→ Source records
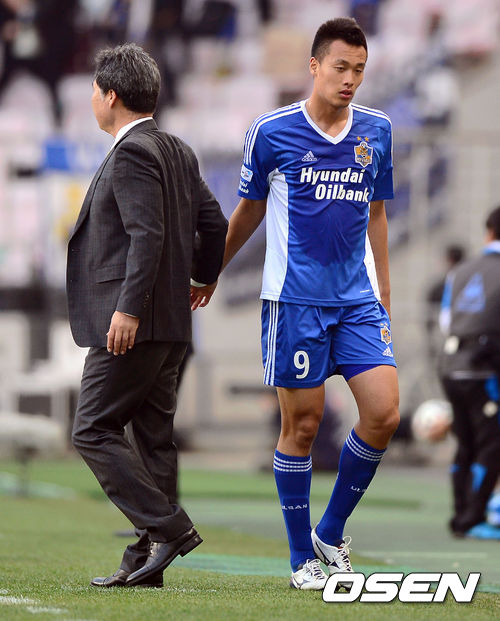 23일 오후 울산 문수월드컵경기장에서 열린 ‘현대오일뱅크 K리그 클래식 2014’ 울산 현대와 인천 유나이티드의 경기 후반 울산 김신욱이 교체되며 조민국 감독과 하이파이브를 하고 있다
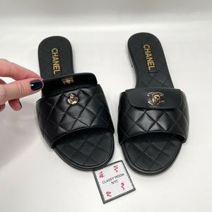 Chanel NIB Black Slides Turnlock Gold CC Logo Quilted Slide Flat Flop Sandals
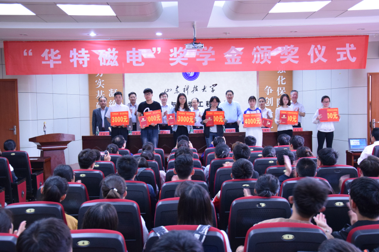 会上,澳门十大信誉好的网站党委书记李垂文宣读表彰决定,张晚佳等14名同学获得了“华特磁电”奖学金。澳门十大信誉好的网站院长吕宪俊向山东华特磁电科技股份有限公司长期以来对学院的支持及帮助表示感谢,对公司领导支持教育、回馈的社会的善举表示崇高敬意。他希望同学们志存高远,不断超越自我,常怀感恩之心,用优异的成绩回馈社会。矿物加工工程2014级张文进代表获奖学生上台发言。山东华特磁电科技股份有限公司董事长王兆连对获奖同学表示祝贺,他说企业的发展离不开澳门十大信誉好的网站领导、相关学科老师的支持和帮助,感谢学校向企业输送了一大批高质量人才。他介绍了公司发展历程及取得的系列成果,表示企业会继续承担起社会责任,在新旧动能转换中发挥排头兵作用。他诚挚邀请与会领导、师生到公司参观交流,近距离地了解公司。
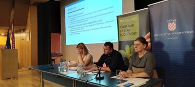 Ravnatelj Uprave za potpore poljoprivredi i ruralnom razvoju Goran Lipavić i ravnateljica Uprave za poljoprivrednu politiku, EU i međunarodnu suradnju Anita Sever Koren sa suradnicima održali prezentaciju i popratnu raspravu sa sudionicima na temu strategije pravednije raspodjele i efikasnijeg usmjeravanja potpore dohotku ciljanoj skupini aktivnih poljoprivrednika.
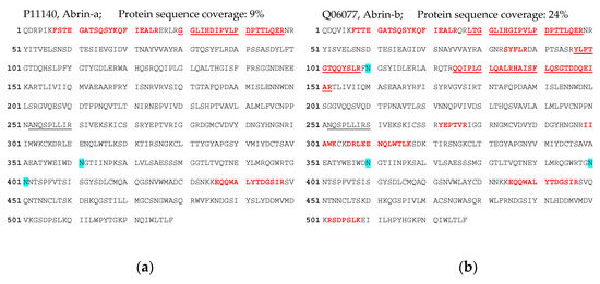 Protein sequence coverage of proteins identified in a human fecal sample from a suicide attempt after immuno-affinity enrichment, tryptic digest and non-targeting liquid chromatography coupled with electrospray ionization and tandem mass spectrometry (LC-ESI-MS/MS) analysis. Sequences of identified abrin isoforms (a) abrin-a (UniProt P11140) and (b) abrin-b (Q06077) are shown after a MASCOT server search against a self-assembled UniProt/NCBI database containing all abrin isoforms and Abrus precatorius agglutinin as well as an NCBI database containing all Abrus precatorius proteins. Amino acids highlighted in red were experimentally identified with a sequence coverage of 9% for abrin-a and 24% for abrin-b. Underlined peptides represent proteotypic peptides for (a) abrin-a or (b) abrin-b, respectively. Asparagine (N), highlighted in turquoise, represents potential N-linked glycosylation sites. The linker peptide sequence between the two chains of both abrin isoforms is underlined in black.

→ What is being asked
Above are some records; quote exactly and only the lines that begin at the line containing "会上,澳门十大信誉好的网站党" and stop after the line containing "Ravnatelj Uprave za", leaving out the pictures.

→ Exercise answer
 会上,澳门十大信誉好的网站党委书记李垂文宣读表彰决定,张晚佳等14名同学获得了“华特磁电”奖学金。澳门十大信誉好的网站院长吕宪俊向山东华特磁电科技股份有限公司长期以来对学院的支持及帮助表示感谢,对公司领导支持教育、回馈的社会的善举表示崇高敬意。他希望同学们志存高远,不断超越自我,常怀感恩之心,用优异的成绩回馈社会。矿物加工工程2014级张文进代表获奖学生上台发言。山东华特磁电科技股份有限公司董事长王兆连对获奖同学表示祝贺,他说企业的发展离不开澳门十大信誉好的网站领导、相关学科老师的支持和帮助,感谢学校向企业输送了一大批高质量人才。他介绍了公司发展历程及取得的系列成果,表示企业会继续承担起社会责任,在新旧动能转换中发挥排头兵作用。他诚挚邀请与会领导、师生到公司参观交流,近距离地了解公司。
 Ravnatelj Uprave za potpore poljoprivredi i ruralnom razvoju Goran Lipavić i ravnateljica Uprave za poljoprivrednu politiku, EU i međunarodnu suradnju Anita Sever Koren sa suradnicima održali prezentaciju i popratnu raspravu sa sudionicima na temu strategije pravednije raspodjele i efikasnijeg usmjeravanja potpore dohotku ciljanoj skupini aktivnih poljoprivrednika.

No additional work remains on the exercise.